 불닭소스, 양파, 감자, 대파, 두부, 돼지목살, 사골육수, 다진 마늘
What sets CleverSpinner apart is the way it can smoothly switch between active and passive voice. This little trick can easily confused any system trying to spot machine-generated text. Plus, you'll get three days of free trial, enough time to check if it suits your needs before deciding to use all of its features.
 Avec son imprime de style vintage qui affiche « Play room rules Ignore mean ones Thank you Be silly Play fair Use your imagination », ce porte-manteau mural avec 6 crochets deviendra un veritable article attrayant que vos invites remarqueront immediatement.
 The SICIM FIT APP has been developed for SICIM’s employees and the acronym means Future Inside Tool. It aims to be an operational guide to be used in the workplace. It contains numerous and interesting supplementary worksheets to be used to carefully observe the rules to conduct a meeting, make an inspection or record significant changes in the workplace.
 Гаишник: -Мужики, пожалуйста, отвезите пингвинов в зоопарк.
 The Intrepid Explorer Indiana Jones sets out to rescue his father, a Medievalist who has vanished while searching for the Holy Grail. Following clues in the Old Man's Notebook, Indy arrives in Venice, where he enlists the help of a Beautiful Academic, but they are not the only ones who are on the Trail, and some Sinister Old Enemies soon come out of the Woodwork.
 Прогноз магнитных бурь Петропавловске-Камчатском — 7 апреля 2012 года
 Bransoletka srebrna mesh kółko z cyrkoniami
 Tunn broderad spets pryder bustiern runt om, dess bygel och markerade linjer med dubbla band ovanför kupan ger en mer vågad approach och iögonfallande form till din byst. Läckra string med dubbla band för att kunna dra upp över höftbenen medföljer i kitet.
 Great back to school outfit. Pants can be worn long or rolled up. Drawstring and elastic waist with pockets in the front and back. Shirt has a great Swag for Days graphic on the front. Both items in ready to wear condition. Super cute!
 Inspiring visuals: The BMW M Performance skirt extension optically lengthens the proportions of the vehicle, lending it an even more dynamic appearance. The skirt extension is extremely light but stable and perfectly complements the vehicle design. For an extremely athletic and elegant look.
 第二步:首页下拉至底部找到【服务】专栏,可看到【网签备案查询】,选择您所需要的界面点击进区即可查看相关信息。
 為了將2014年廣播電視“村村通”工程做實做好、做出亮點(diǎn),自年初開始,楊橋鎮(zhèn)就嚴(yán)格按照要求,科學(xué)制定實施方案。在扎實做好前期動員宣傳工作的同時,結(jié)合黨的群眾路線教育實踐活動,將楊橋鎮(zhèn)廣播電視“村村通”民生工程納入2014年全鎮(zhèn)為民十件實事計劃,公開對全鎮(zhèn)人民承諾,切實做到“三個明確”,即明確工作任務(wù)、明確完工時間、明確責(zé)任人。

+++++

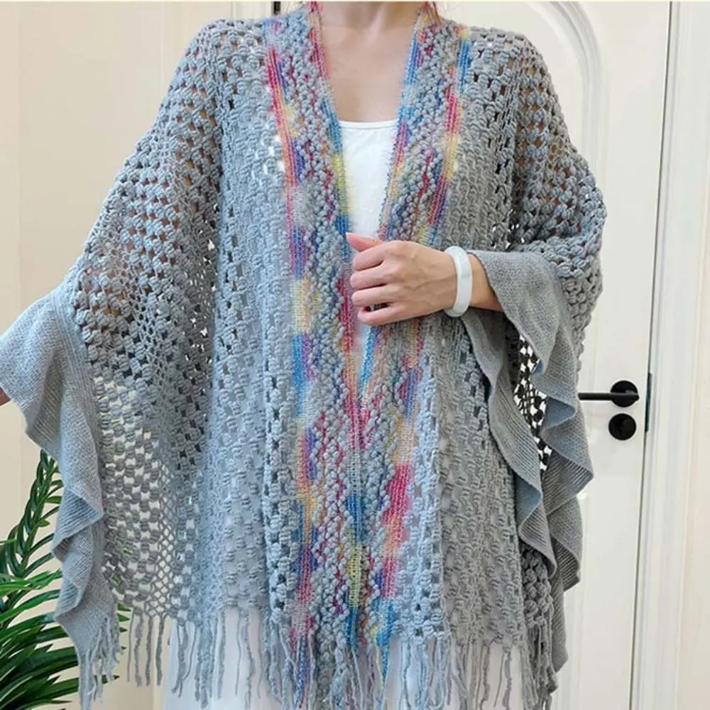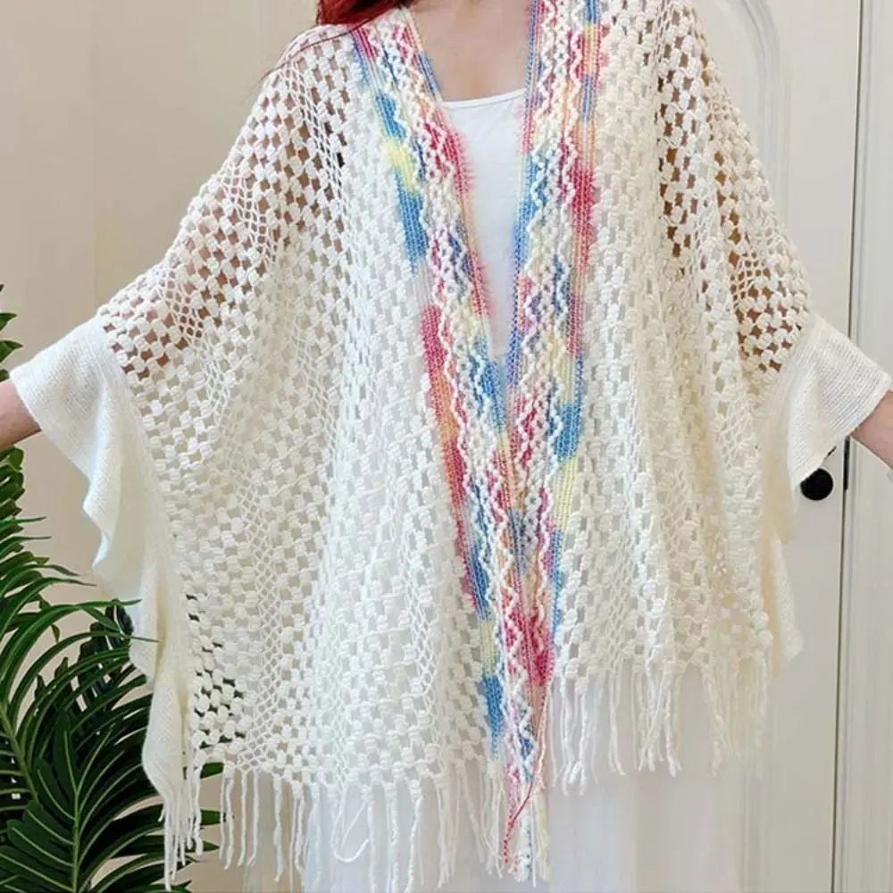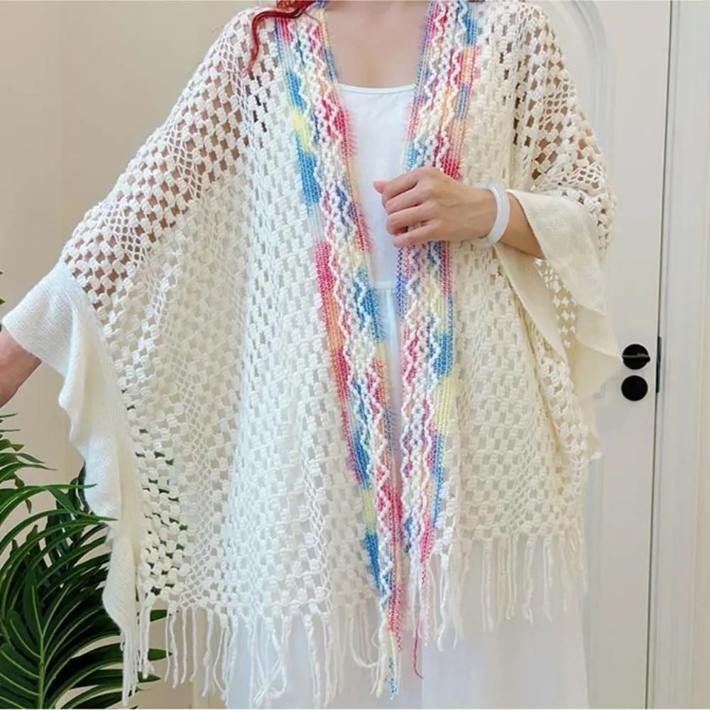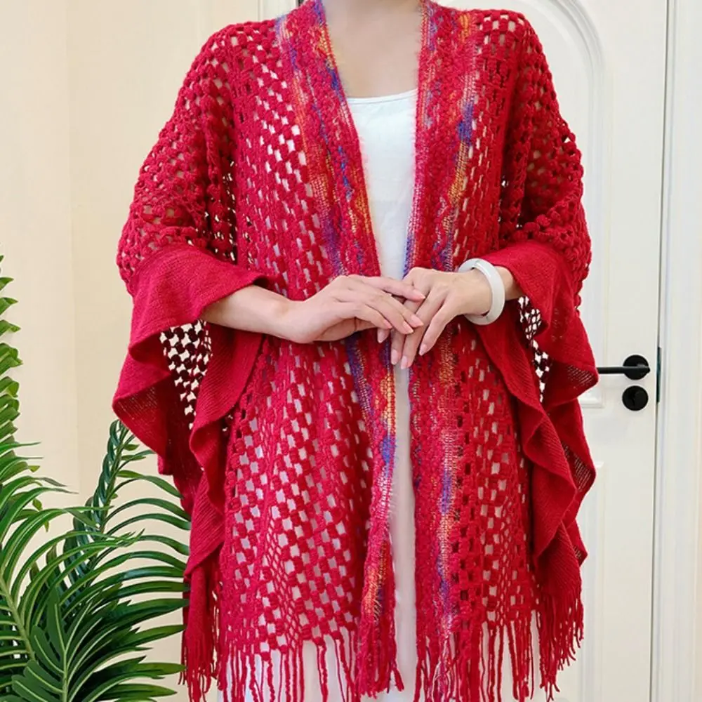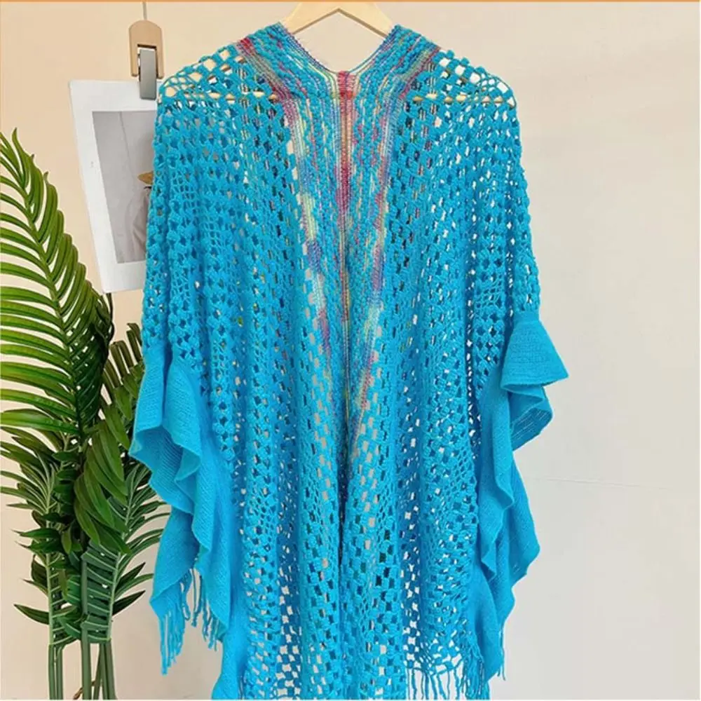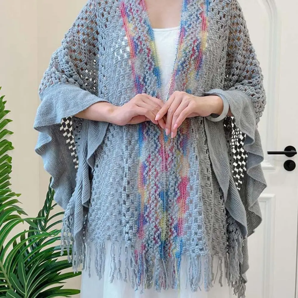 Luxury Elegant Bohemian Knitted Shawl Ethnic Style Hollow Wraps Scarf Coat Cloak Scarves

+++++

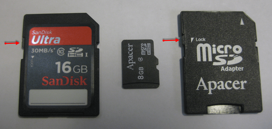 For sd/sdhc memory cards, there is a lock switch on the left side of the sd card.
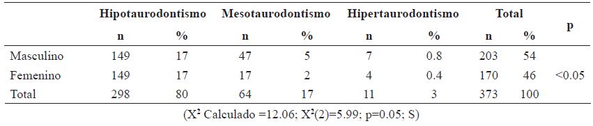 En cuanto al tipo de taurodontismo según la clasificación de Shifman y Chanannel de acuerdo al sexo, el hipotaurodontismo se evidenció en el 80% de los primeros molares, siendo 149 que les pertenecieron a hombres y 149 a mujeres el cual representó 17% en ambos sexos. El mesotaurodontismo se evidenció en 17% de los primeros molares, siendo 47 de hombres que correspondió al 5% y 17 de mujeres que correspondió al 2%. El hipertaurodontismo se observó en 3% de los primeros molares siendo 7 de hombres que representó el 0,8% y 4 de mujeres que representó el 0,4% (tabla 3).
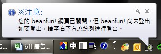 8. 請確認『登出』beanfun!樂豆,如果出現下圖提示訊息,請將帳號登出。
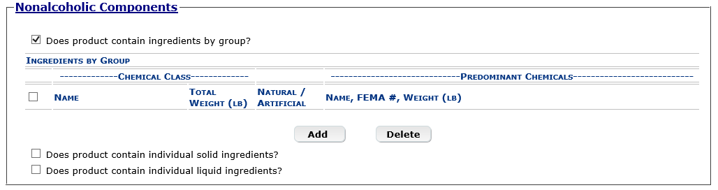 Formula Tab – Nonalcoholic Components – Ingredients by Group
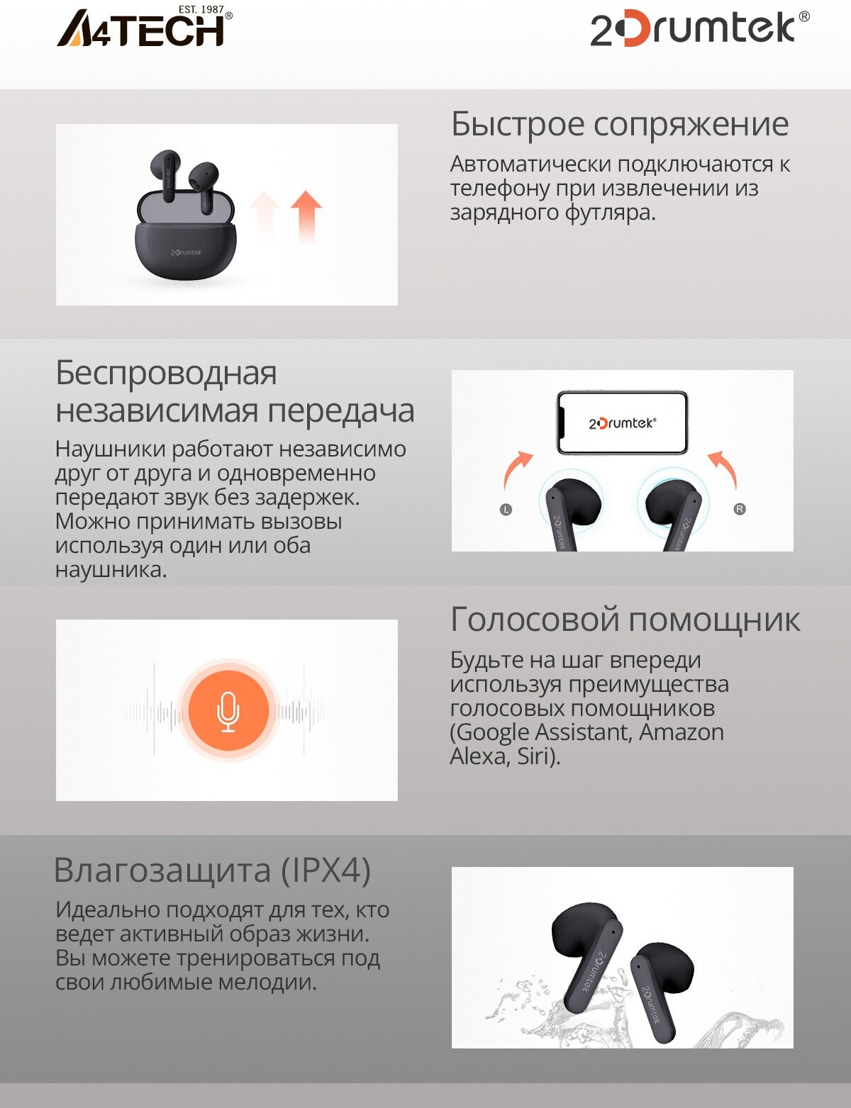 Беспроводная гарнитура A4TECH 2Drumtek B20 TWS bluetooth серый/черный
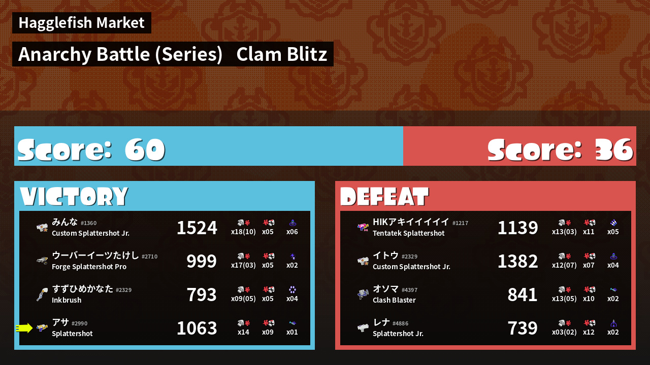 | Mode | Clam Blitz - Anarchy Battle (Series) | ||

+++++

## About this task
Copy all lines of the material above where the string "your" occurs.

## Completed task
What sets CleverSpinner apart is the way it can smoothly switch between active and passive voice. This little trick can easily confused any system trying to spot machine-generated text. Plus, you'll get three days of free trial, enough time to check if it suits your needs before deciding to use all of its features.
 Avec son imprime de style vintage qui affiche « Play room rules Ignore mean ones Thank you Be silly Play fair Use your imagination », ce porte-manteau mural avec 6 crochets deviendra un veritable article attrayant que vos invites remarqueront immediatement.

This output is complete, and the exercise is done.